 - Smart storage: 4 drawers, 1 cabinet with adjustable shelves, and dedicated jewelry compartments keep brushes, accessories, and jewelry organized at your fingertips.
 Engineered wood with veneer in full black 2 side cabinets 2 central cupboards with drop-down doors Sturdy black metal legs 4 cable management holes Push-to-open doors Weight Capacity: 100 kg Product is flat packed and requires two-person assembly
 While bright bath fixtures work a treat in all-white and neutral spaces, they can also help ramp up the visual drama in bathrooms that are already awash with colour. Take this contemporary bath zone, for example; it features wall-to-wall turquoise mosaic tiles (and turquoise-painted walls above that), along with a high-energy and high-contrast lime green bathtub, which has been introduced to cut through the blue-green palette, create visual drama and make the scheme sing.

--

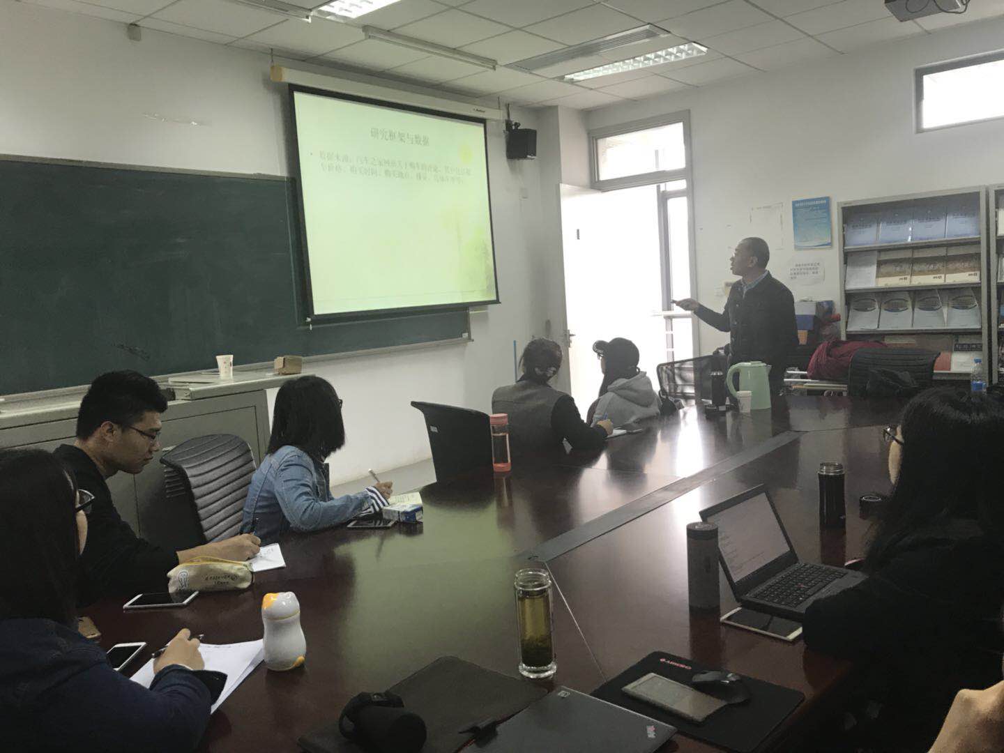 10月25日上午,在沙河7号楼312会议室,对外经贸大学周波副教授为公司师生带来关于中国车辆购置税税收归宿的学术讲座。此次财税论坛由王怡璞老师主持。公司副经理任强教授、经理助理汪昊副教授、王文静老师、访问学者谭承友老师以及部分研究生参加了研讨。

ASSIGNED TASK: Only lines of the material that contain the word "with" belong in the answer; copy each one.

EXERCISE ANSWER:
 - Smart storage: 4 drawers, 1 cabinet with adjustable shelves, and dedicated jewelry compartments keep brushes, accessories, and jewelry organized at your fingertips.
 Engineered wood with veneer in full black 2 side cabinets 2 central cupboards with drop-down doors Sturdy black metal legs 4 cable management holes Push-to-open doors Weight Capacity: 100 kg Product is flat packed and requires two-person assembly
 While bright bath fixtures work a treat in all-white and neutral spaces, they can also help ramp up the visual drama in bathrooms that are already awash with colour. Take this contemporary bath zone, for example; it features wall-to-wall turquoise mosaic tiles (and turquoise-painted walls above that), along with a high-energy and high-contrast lime green bathtub, which has been introduced to cut through the blue-green palette, create visual drama and make the scheme sing.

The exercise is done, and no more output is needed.